The Group Chief Executive Officer of the NNPC Ltd., Mele Kyari, had mentioned that the NNPC was liquidating its exposures and rounding off the crude oil swap, apparently owing to the improved production levels.
“This will enable us to buy our gasoline and pay cash to our suppliers. It’s our option to use crude to pay, but the preference is to use cash settlements going forward.
“The current gasoline supply agreement we have has all kinds of flexibilities and options, such as using cash or crude to pay immediately or within and beyond 120 days. They are all willing to engage us as a limited liability company. The NNPC maintained that there were no disputes.
It also dispelled the insinuation that the crude swap is extending. “Petroleum product supply is separate from crude swap. Petroleum product supply is just the importing of products, which can be cash or crude. We will stop that when our refineries start working.
“In crude swap deals, you price your crude and import petrol at a set price, meaning I take product from you, knowing how much my crude is, and I can get the equivalent from you in petrol.
“Crude swap emphasized that there isn’t a price on both sides. But when crude is priced at the correct price and the product is sold to you at the correct price of your product, that isn’t a swap,” the company said in the note.
In response to claims that Chinese contractors abandoned the AKK gas project because the contract amount had increased, NNPC reiterated that the project was initially approved at $2.8 billion.
But it emphasized that after the Chinese declined to fund the project due to the nation’s restrictions on exposure to the outside world, NNPC re-engaged the contractors (OILSERV) to convert the contract from BOT to EPC, leading to a renegotiation of $2.5 billion and saving the nation $300 million.
“Since then, NNPC Limited has been funding contractors with its cash flow to the tune of $1.2 billion.
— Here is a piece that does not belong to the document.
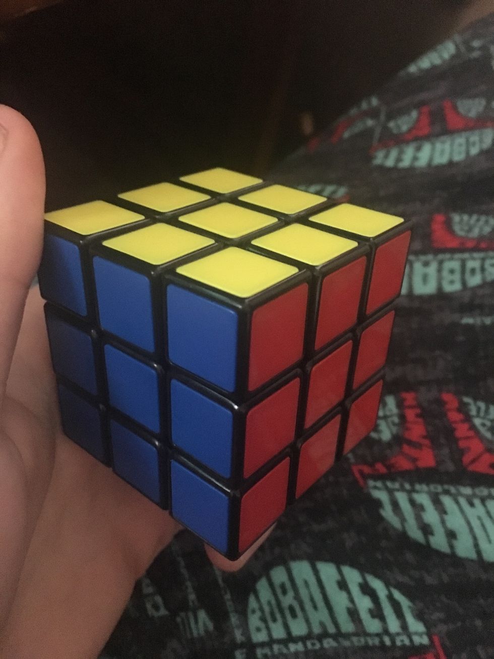 if you're cube looks like this, then congratulations, you've successfully solved a rubik's cube! if not, go back and repeat the steps.

The project and construction work have not stopped for one day. Out of 614 kilometers of pipe to be covered, 460 have been welded so far,” it stressed.
Unlike in the past, when efficiency was compromised by tardiness, Mal Mele Kolo Kyari is focused on delivering his mandate for the NNPC Limited, and the oil and gas industry is no doubt the better for it, while Nigerians are the ultimate beneficiaries.